-------- Dataset content --------

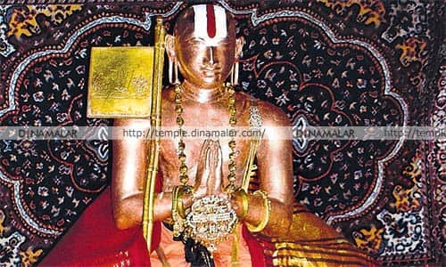 வெந்நீர், போர்வை, சந்தனம்...: ஸ்ரீபெரும்புதுாரில் உள்ள ராமானுஜர் திருமேனி ஆண்டுதோறும் ஐப்பசி மாதம், மூலம் நட்சத்திரம் அன்று ஸ்ரீ மணவாள மாமுனிகளின் அவதார திருநாள் தொடங்கி, தை மாதம் ஹஸ்தம் நட்சத்திரம் அன்று, ஸ்ரீ கூரத்தாழ்வாரின் அவதார தினம் வரை உள்ள இடைப்பட்ட மழைக் காலம் மற்றும் குளிர் காலங்களில், ராமானுஜரின் உற்சவ திருமேனிக்கு திருமஞ்சனம் செய்யும் போதும், திருவாராதனம் செய்யும் போதும், வெந்நீரை உபயோகிக்கின்றனர். மேலும், அந்த காலங்களில், இரவு நேரங்களில் ராமானுஜரின் திருமேனிக்கு குளிராமல் இருப்பதற்கு, சால்வைகள், ரஜாய் எனப்படும் போர்வைகள் சாற்றப்பட்டு மிகவும் பாதுகாக்கின்றனர். இதேப்போல் கோடை காலத்தில் மிகவும் குளிர்ந்த, துாய்மையான நீரில் திருமஞ்சனம் செய்கின்றனர். அதிக வெப்பம் உள்ள காலங்களில் வெப்பத்தால் ஏற்படும் சூட்டை தணிக்க, அவருடைய திருமேனியின் பின்புறம் சந்தனம் பூசப்படுகிறது. இந்த மரபு, தொடர்ந்து பல நுாறு ஆண்டுகளாக மிகவும் சிறப்பாக போற்றி பாதுகாத்து வழிபாடு செய்யப்பட்டு வருகிறது.
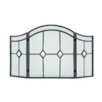 暖炉スクリーンガード、暖炉スクリーン3個折りたたみガラス暖炉スクリーン38インチ幅長方形暖炉スクリーンフラット暖炉スクリーン装飾
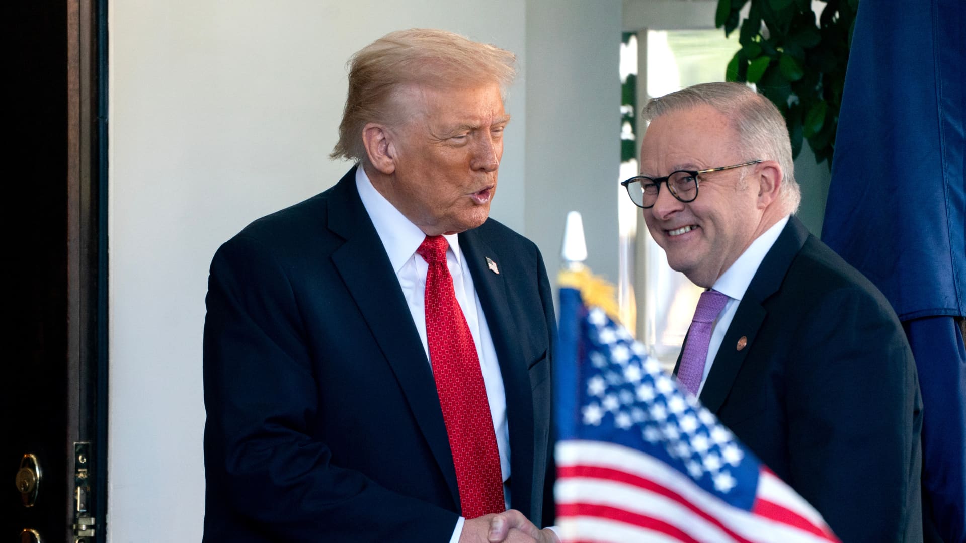 U.S. President Donald Trump and Australian Prime Minister Anthony Albanese shake hands outside the West Wing of the White House…
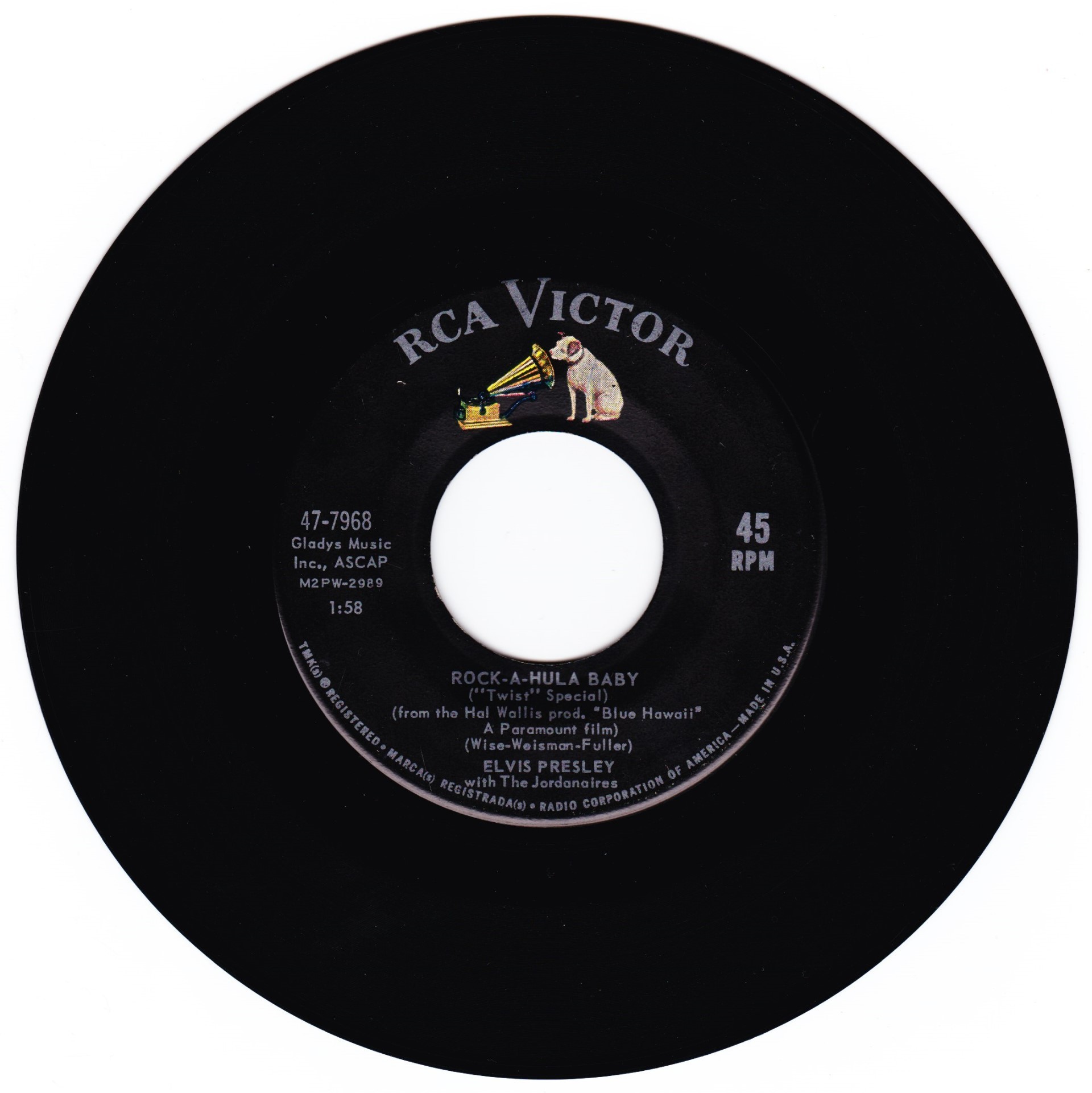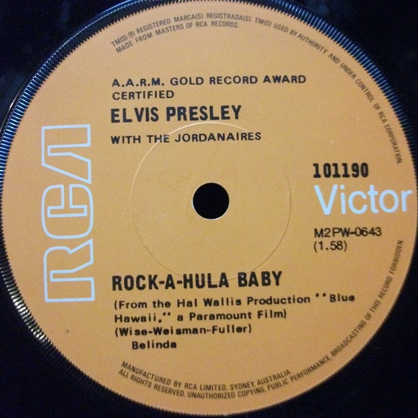 Label: RCA – 45-RCA 1270 Format: Vinyl, 7", Single, 45 RPM, Label variant, mispressing Country: UK Released: Jan 1962 Published By – Manor Music A-side text on label appears to be mispressed. Beneath the words "ELVIS PRESLEY" instead of saying "with THE JORDANAIRES" it says "Film "BLUE HAWAII")" Otherwise identical to Elvis Presley With The Jordanaires - Can't Help Falling In Love / Rock-A-Hula Baby ("Twist Special") Rights Society: BIEM NCB |

--------

=== Work task ===
Begin with the line holding "暖炉スクリーンガード、暖炉ス" and end with the last line of the listing. Reproduce each of those lines exactly, and leave every picture out.

=== Answer to this exercise ===
 暖炉スクリーンガード、暖炉スクリーン3個折りたたみガラス暖炉スクリーン38インチ幅長方形暖炉スクリーンフラット暖炉スクリーン装飾
 U.S. President Donald Trump and Australian Prime Minister Anthony Albanese shake hands outside the West Wing of the White House…
 Label: RCA – 45-RCA 1270 Format: Vinyl, 7", Single, 45 RPM, Label variant, mispressing Country: UK Released: Jan 1962 Published By – Manor Music A-side text on label appears to be mispressed. Beneath the words "ELVIS PRESLEY" instead of saying "with THE JORDANAIRES" it says "Film "BLUE HAWAII")" Otherwise identical to Elvis Presley With The Jordanaires - Can't Help Falling In Love / Rock-A-Hula Baby ("Twist Special") Rights Society: BIEM NCB |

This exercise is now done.